Klan Kosova
- The network's logo since 2015.
- Type: Private commercial
- Country: Kosovo
- Broadcast area: Kosovo Albania North Macedonia Montenegro Germany Switzerland
- Affiliates: TV Klan (formerly)
- Headquarters: Lidhja e Pejës Street, Industrial Park, Pristina, Kosovo

Programming
- Language: Albanian
- Picture format: 1080i (HDTV 16:9)
- Timeshift service: Klan Kosova 2

Ownership
- Owner: Kushtrim Gojani (KGO Media Investments Holding)
- Key people: Barlet Imami (managing director) Fidan Syla (Technical director)
- Sister channels: Klan Kosova FM (radio)

History
- Founded: 8 December 2008 (17 years ago)
- Launched: 17 February 2009 (17 years ago)
- Founder: Aleksandër Frangaj Baton Haxhiu

Links
- Website: klankosova.tv

= Klan Kosova =

Kosovo national television network

Klan Kosova is a Kosovan private cable television channel based in Pristina, Kosovo.

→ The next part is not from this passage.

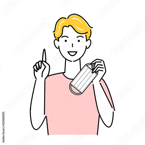 熱中症と肌荒れ予防対策のため外せるときにはマスクを外そう 指差しポーズに笑顔で提案している男性 イラスト シンプル ベクター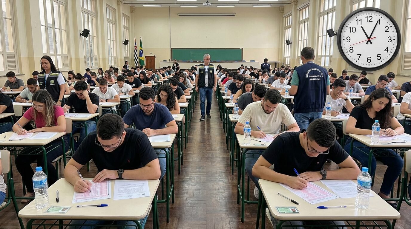 O tempo de aplicação informado foi de quatro horas, contemplando todas as instruções de sala e o preenchimento do cartão-resposta. As condições foram padronizadas nos locais de prova.

It was founded on 2 December 2008 and launched on 17 February 2009 as a Kosovan affiliate to TV Klan under the supervision of media mogul Aleksandër Frangaj. It is currently one of the most popular private broadcasters in the country.

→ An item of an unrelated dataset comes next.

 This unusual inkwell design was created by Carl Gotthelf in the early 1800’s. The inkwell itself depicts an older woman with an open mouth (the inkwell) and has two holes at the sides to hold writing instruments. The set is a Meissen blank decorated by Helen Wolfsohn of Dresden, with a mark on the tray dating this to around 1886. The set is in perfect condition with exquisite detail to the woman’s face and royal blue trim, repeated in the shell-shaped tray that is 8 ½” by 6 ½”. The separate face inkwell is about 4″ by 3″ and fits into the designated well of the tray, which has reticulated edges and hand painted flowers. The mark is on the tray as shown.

The broadcaster was born out a need to answer to the latest developments in Kosovo and to get closer to Albania.

It is owned by KGO Media Investments Holding, a company based in Skopje.

== History ==
Klan Kosova was launched in 2009 on the first anniversary of Kosovo's independence, as a collaboration between the Albanian TV Klan and the Kosovan journalist Baton Haxhiu (who took on the role of General Director). The Albanian network would provide Klan Kosova its old equipment for use in its studios. Operating out of Hyzri Talla Street in the center of Pristina, the channel made the most of its limited conditions within a tight 11×6 square meter building.

It entered satellite frequencies in November 2009.

In 2015, Klan Kosova moved its offices to the ex-Damper Factory (Fabrika e Amortizatorëve) near Kosovo Polje. This move came around the same as its transition to broadcasting in high definition.

In 2022, after the rights to broadcast the popular reality show Big Brother VIP for the Republic of Kosovo were secured with Banijay Rights, Klan Kosova announced that Big Brother VIP Kosova was going to debut on the channel starting 5 December 2022.

=== Temporary suspension of business license ===
Following an investigation by KosovaNews, Klan Kosova's business license was suspended on 14 June 2023 under the suspicion of misuse of official duties, as well as misuse of economic authorizations. The decision was controversial among the people of Kosovo and the international journalist community, grabbing the attention of the Quint countries which expressed "deep concern" over these events. Employees of Klan Kosova and members of the Association of Journalists of Kosovo (AJK) walked out in protest of the decision on 31 July 2023.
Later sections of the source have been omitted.